Democrat Richard Celeste, a former Ohio lieutenant governor and Peace Corps director in the Carter Administration, has proposed a complete reorganization of the education bureaucracy--with the creation of a new cabinet-level department of education and the abolition of the independently elected Board of Education and Regents. He says the current system makes planning impossible and encourages unhealthy competition between the various interest groups in education.
Mr. Celeste, who has been endorsed by the Ohio Education Association, wants to create a separate education fund to finance the department's activities and a "human-development capital" trust fund to offer low-interest student loans by selling bonds.
The Republican candidate, U.S. Representative Clarence Brown, charges that by advocating centralizing the administration of the education bureaucracy, Mr. Celeste is trying to politicize what is properly a local concern. Mr. Brown says the biggest problem is not lack of organization but lack of money. He has pledged never to cut the state's contribution to education programs, something that has happened regularly in recent years under Gov. James Rhodes, who is retiring.

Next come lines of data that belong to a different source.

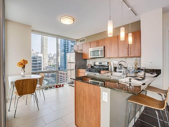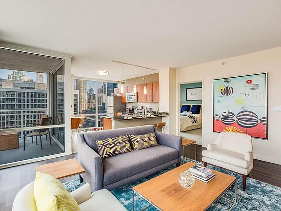 Luxurious full amenity building with 24/7 door staff, rooftop deck, outdoor pool, and fitness center! Unit features floor to ceiling windows, and in unit washer and dryer! Pets welcome!
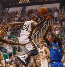 Utah Jazz forward Paul Millsap (24) knocks the ball away from Dallas's Darren Collison during the Jazz season opener Wednesday, Oct. 31, 2012 at EnergySolutions Arena in Salt Lake City.
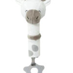 Plyšová hračka s pískatkom a hryzátkom Žirafka, 17 cm – šedá, biela

But localities, Mr. Brown says, must be encouraged to do their part as well. He says he will expand taxing authority so that localities do not have to depend solely on property taxes. Mr. Brown also has proposed abolishing an emergency loan fund for schools, which he says encourages districts to shed whatever burdens they can. His opponent says it would be irresponsible to abolish the loan fund.
Because of congressional redistricting, all 21 seats on the state board of education are also up for election. Normally, state board members serve staggered terms of six years. But Ohio bases its board districts on congressional districts, and there are two fewer congressional districts this time around, so everyone is up for election. The winners will draw straws to determine who will serve two-, four-, and six-year terms.
Missouri voters face a referendum on a 1-cent increase in the state sales tax, which would yield about $306 million--half for local property-tax relief and half for public schools. Nearly all the major education and parents' groups in the state have thrown their support behind the measure, which would add $153 million to the $733 million in state aid to education. Since it provides tax relief and comes on the heels of a cut of more than $50 million in state aid, teachers' groups believe the measure will be attractive to voters.
In Minnesota, the major education-related issue in the governor's race is taxation. Last year, the legislature enacted a "temporary" surcharge on the state income tax and a 1-cent increase in the sales tax. The proceeds from the tax increases, which are supposed to expire next June, have kept a very difficult financial situation from becoming worse, according to state teachers' groups.
The Republican candidate, Wheelock Whitney, has promised to remove the tax increases on schedule. The Democrat, former Gov. Rudy Perpich, has not pledged to remove either tax increase.
Both candidates agree that Minnesota's schools need more money and more financial stability, but they disagree on how to achieve those goals. Mr. Perpich favors increasing state aid while holding to the current levy limits on local property taxes; the Republican, while not explicitly advocating removal of the levy limits, has been "more receptive to letting property taxes float," according to Gene Mammenga of the Minnesota Education Association.
Also on the ballot is a measure that would allow parimutuel betting. That proposal, Mr. Mammenga said, would probably raise revenue for the schools, but education groups are not campaigning actively for it.